Work order:
Please return exactly the lines from the top of the data through the line that contains "Grandes pizzas excellentes(nous", and skip all pictures.

Data:
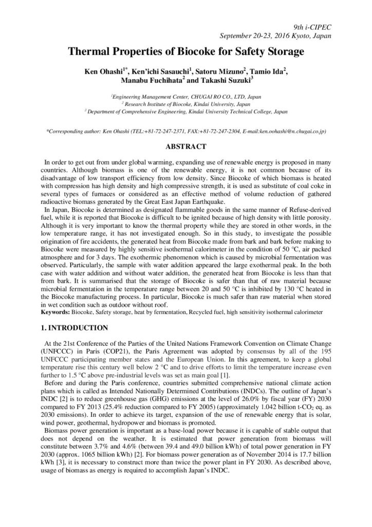 Thermal Properties of Biocoke for Safety Storage(2016.11)
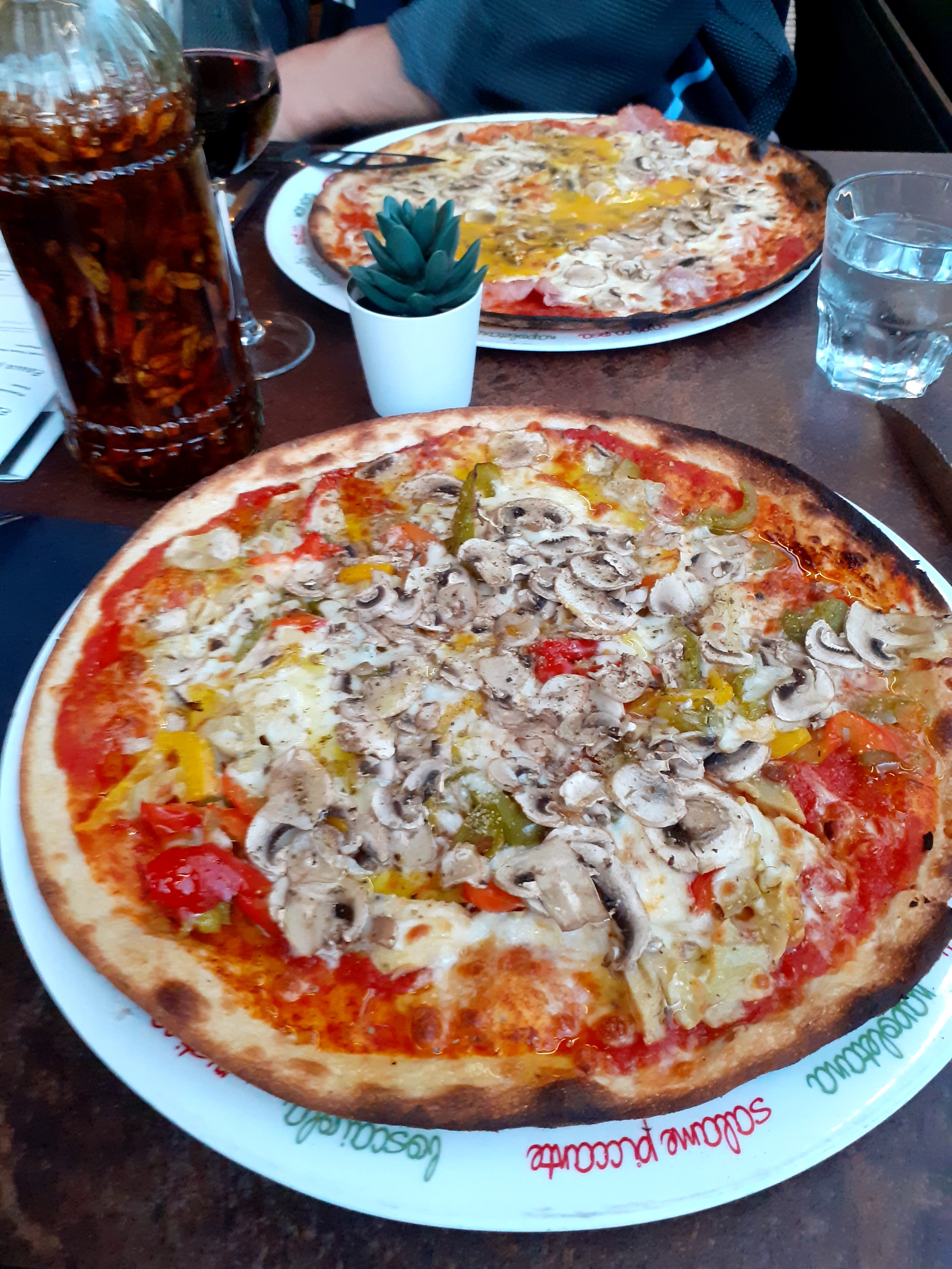 Grandes pizzas excellentes(nous avons emporté une moitié chacun, compte tenu de la taille). Personnel très agréable, souriant, disponible malgré trois salles archi-pleines.
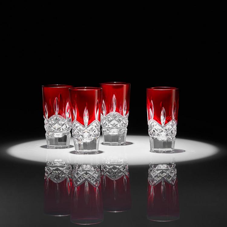 Lismore Red takes the inimitable clarity of our crafted crystal and infuses it with a bold, vivid red colouring. The result is an exquisite collection with a foot comfortably in two camps: classic Lismore cuts for the lover of tradition and that vibrant red for a chic modern edge. Raise a glass with special people with this set of stunning shot glasses. Featuring the iconic Lismore cut, inspired by Gothic architecture, a modern accent is provided by the coloured red crystal. Packaged in a signature Waterford gift box.

Finished task:
 Thermal Properties of Biocoke for Safety Storage(2016.11)
 Grandes pizzas excellentes(nous avons emporté une moitié chacun, compte tenu de la taille). Personnel très agréable, souriant, disponible malgré trois salles archi-pleines.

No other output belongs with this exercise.